I’m More Interested in Whether Being a Douche is a Choice October 17, 2010

Republican candidate for the U.S. Senate in Colorado, Ken Buck, made a little news today saying on Meet the Press that he believes that being gay is “a choice,” and that homosexuality may be akin to alcoholism in that some can be predisposed to it from birth. His opponent, incumbent (and appointed) senator Michael Bennett, asserted this placed Buck outside the “mainstream” of opinion.

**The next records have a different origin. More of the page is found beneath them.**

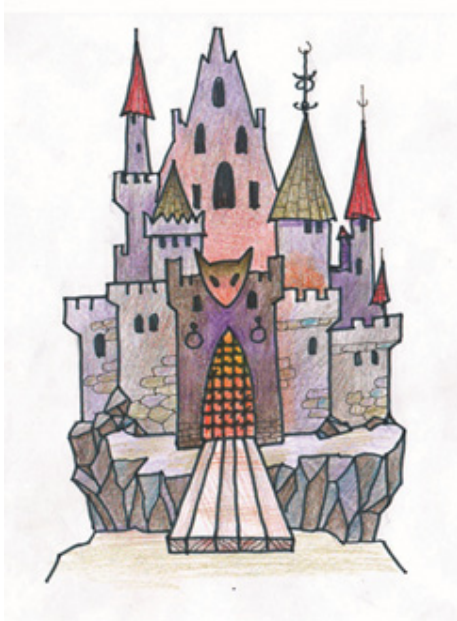
Іл. 13 (Асоціативна метафорична картка “Будинок”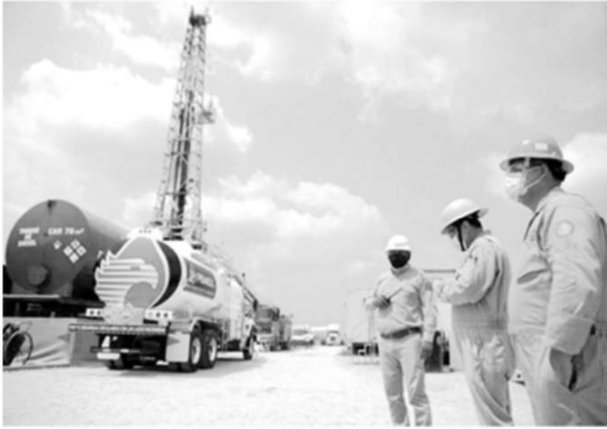
Trabajadores de Pemex en el pozo Dzimpona, en Villahermosa (Tabasco), en marzo de 2021.

Los legisladores avalaron en la madrugada de este viernes la iniciativa que prevé recursos por más de nueve billones de pesos en 2024. El dictamen pasará al Senado para su discusión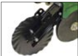
Устанавливаемые на сошник режущие диски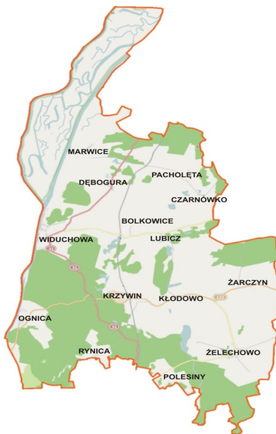
Rys. 2. Lokalizacja sołectwa Żelechowo na mapie gminy Widuchowa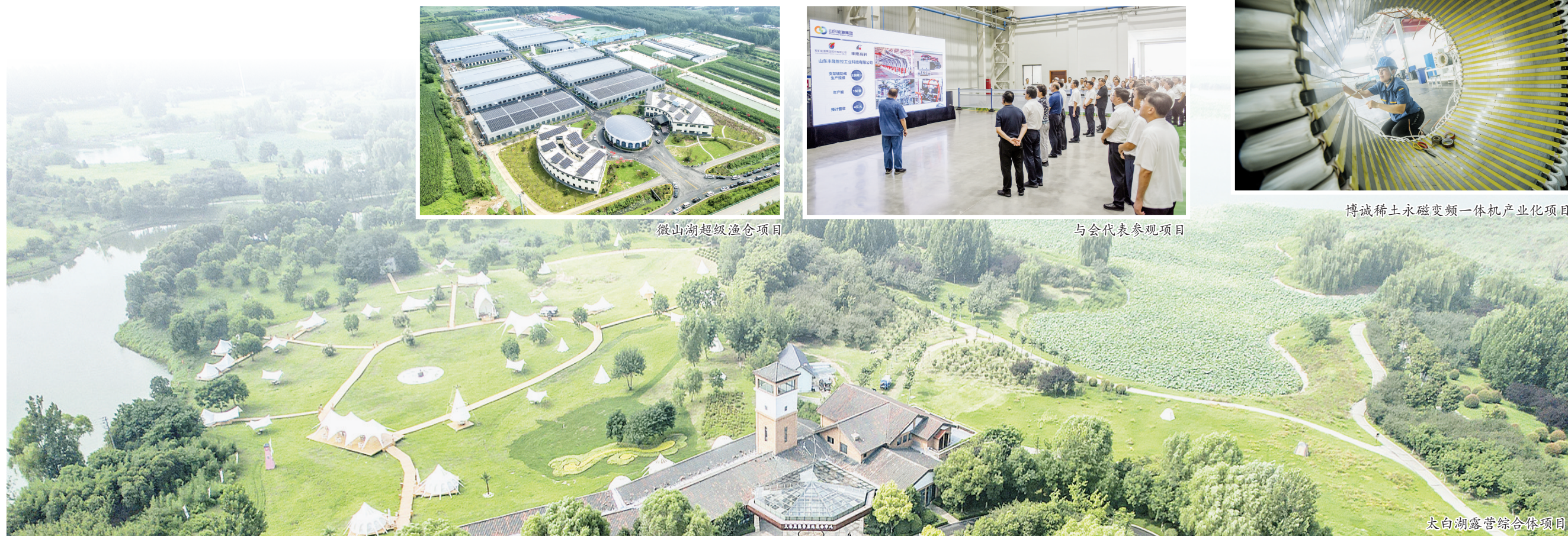
太白湖露营综合体项目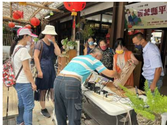
↑【111-1 輕鬆玩烙畫】東市場教學 (2022.07.03)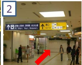
案内掲示に従って東口へ向かいます。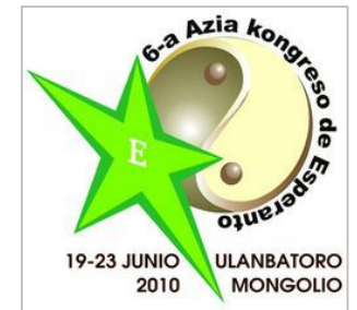
第6回アジア大会のシンボルマーク

長崎・日本大会のLKK(現地大会委員会)のメンバであるRH会員からの依頼により、ホームページのアドレスにRHが所有している esperanto.jp のウェブサイトをお貸ししています。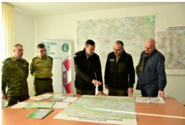
Odprawa z kadrą kierowniczą BiOSG

W ostatniej części wizyty delegacja udała się na odcinek tzw. zielonej granicy. Premier oraz Ministrowie spotkali się m.in. z funkcjonariuszami pełniącymi służbę w formie patrolu z psem służbowym. Odwiedzono także punkt obserwacyjny w Kalwarii Paclawskiej, gdzie zaprezentowano pojazd obserwacyjny wyposażony w kamerę termowizyjną, wykorzystywany do zabezpieczenia granicy w porze dziennej oraz nocnej.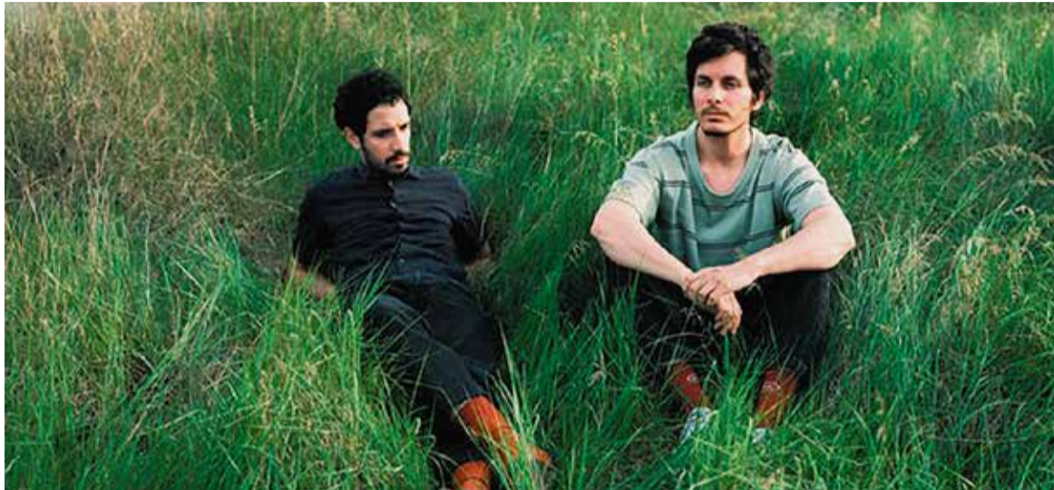
El grup osonenc, Hereu Escampa, visitarà El Centre el pròxim 12 de novembre dins la programació de tardor.

L'escena cultural calderina enceta un nou curs i nova temporada tardor-hivern, amb una àmplia gamma d'esdeveniments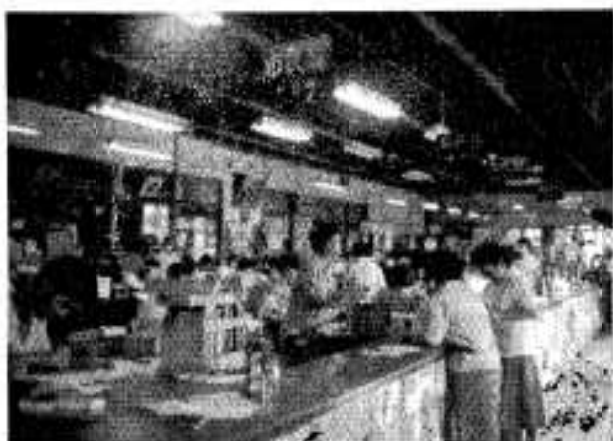
(市役所の窓口風景)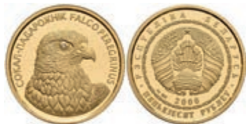
616 50 Rubel, Gold, 2006, Wanderfalk, Parchimowicz 508, PP. 300,—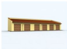
G95 garaż sześciostanowiskowy wymiary obiektu: 22.23m x 7m 134.58m 2 1290 zł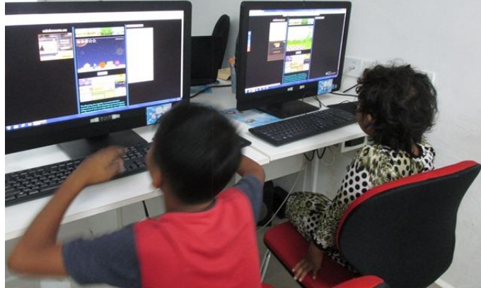
Latihan menggunakan mouse menggunakan minimouse.us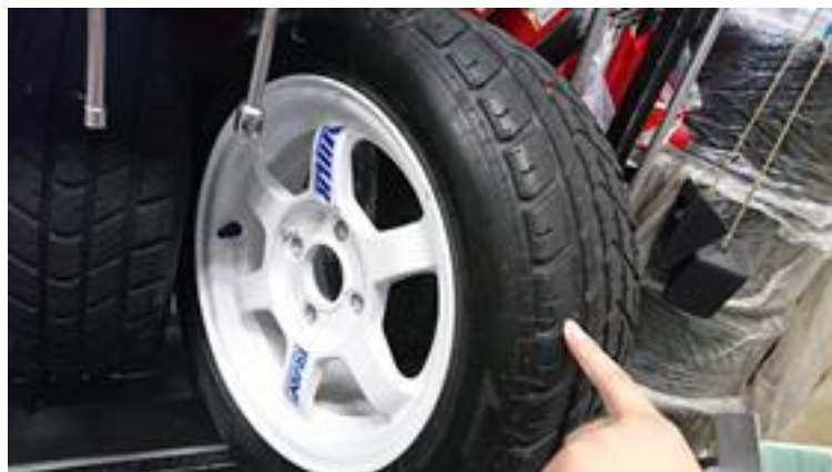
Fig. 4 履き替え後のレインタイヤ

レインタイヤに劣化が見られた為、新しく Hoosier の学生フォーミュラ用レインタイヤへの履き替えを行いました。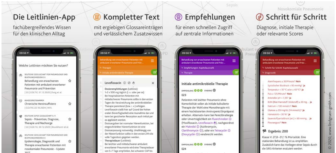
► Abb. 2 Verschiedene Modi zur Nutzung der Smartphone-App Leila.

ben. Diese Zahl war am höchsten bei der Lungenfibrose mit 3 von 10 Personen; bei Asthma war es nur eine von 10 Personen.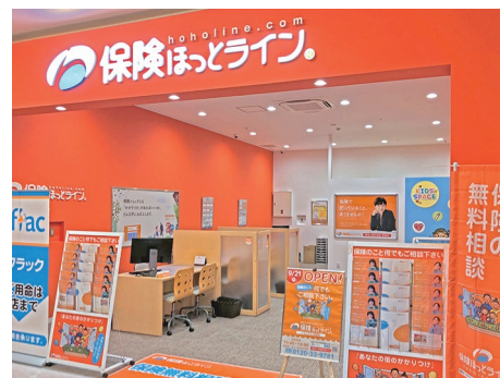
※画像は既存店舗の写真です

国道 153 号線「梅森西」交差点より県道 221 号線を北東へ約 1km、平和堂日進香久山店内

There’s a lot wrong with this beyond the obvious. First, I’ll tackle the lesser infraction. The question of whether homosexuality is a “choice” is not a question of political opinion — it’s a scientific claim; whether or not being gay is innate. So whether or not one’s belief about that claim is “mainstream” is irrelevant. Evolution by natural selection is a fact, but the majority of Americans don’t accept it. But its veracity has nothing to do with whether or not it is a mainstream view.

Now the bigger problem, which has bothered me for years. The question put to Ken Buck, whether or not homosexuality is a choice, implies that if it were merely a choice then it would somehow be okay to be anti-gay, and also implies that homosexuality is some kind of affliction or moral stain that is better avoided prima facia. This is hogwash.

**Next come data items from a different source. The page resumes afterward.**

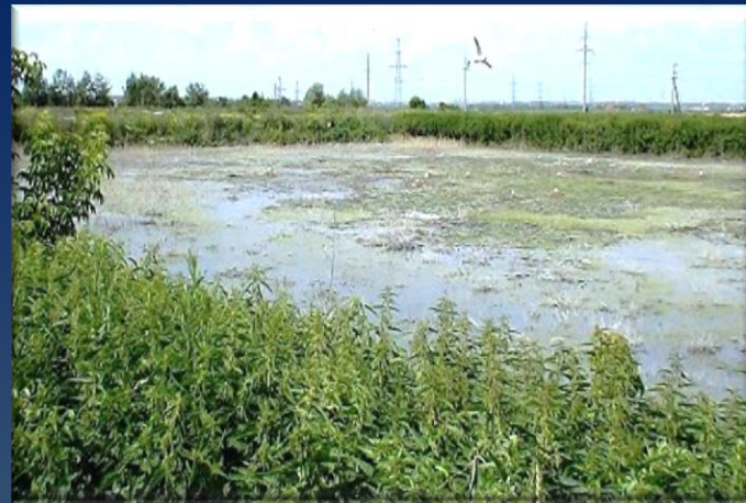
Заполненная иловая площадка (ЗИП) на грунтовом основании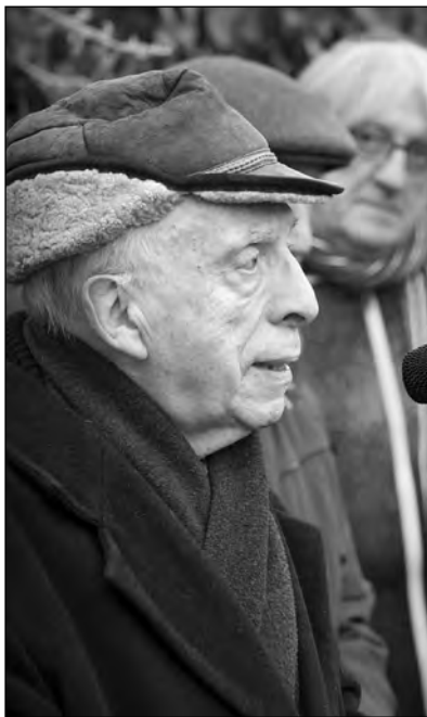
A remény, hogy egyszer talán majd kiássák

Péntek délután érkeztem – középkori látvány és hangulat fogadott. Alighogy kicsomagoltam, megszólalt a sziréna. Túlélőként csomagomhoz kaptam, hogy az óvóhelyre menjek. Megfogták a karomat: ülj vissza nyugodtan, bejött a sábesz.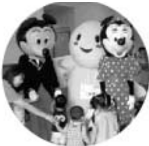
はばタンたちもお出迎え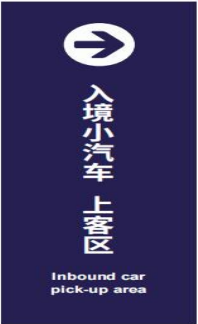
图 D. 20 入境小汽车上客区标志示例图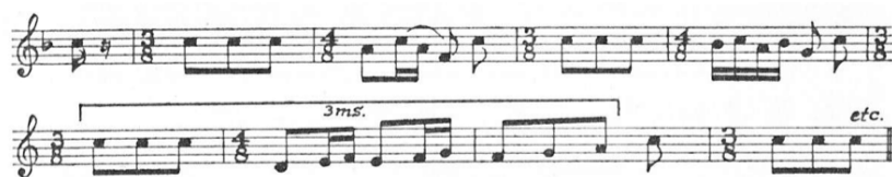
تصویر ۲- سمفونی شماره ۶ مالر، موومان دوم، میزان ۹۶-۱۰۴. مأخذ: پارتیتور آهنگساز

دوره پایانی (۱۹۰۶ الی ۱۹۱۱): مشتمل بر آثاری نظیر سمفونی‌های هشت، الی ده (ناتمام) و مجموعه ترانه زمین ۱۰ است. مالر در سال‌های آخر زندگی حوادث تلخی را تجربه کرد «اگر بخواهیم در طول سال‌های ۱۹۰۶ و ۱۹۰۷ قلمروهای زندگی شخصی و خلاقیت مالر را از همدیگر جدا نشان دهیم، از سیمایی که در نظر داریم از آهنگساز ترسیم کنیم، یکی از خطوط اصلی و مهم به کنار گذارده می‌شود. روال زندگی مالر در این دو سال مورد بحث، از

For the record: It doesn’t matter if you wound up gay through by accident of birth, whether you decided out of whole cloth to be gay all on your own, or whether you’re gay or straight depending on the time of day or phases of the Moon. The point is that it’s only the business of the person in question. The only subjective, moral question is how one person treats another, not whether or how one person loves another.

So let’s stop asking whether or not homosexuality is a choice, because it doesn’t matter. What matters is how we behave toward each other. Instead, someone should ask folks like Ken Buck and the other Tea Partiers and theocrats whether their bigotry toward people different from them is a choice, or whether they’re just born that way.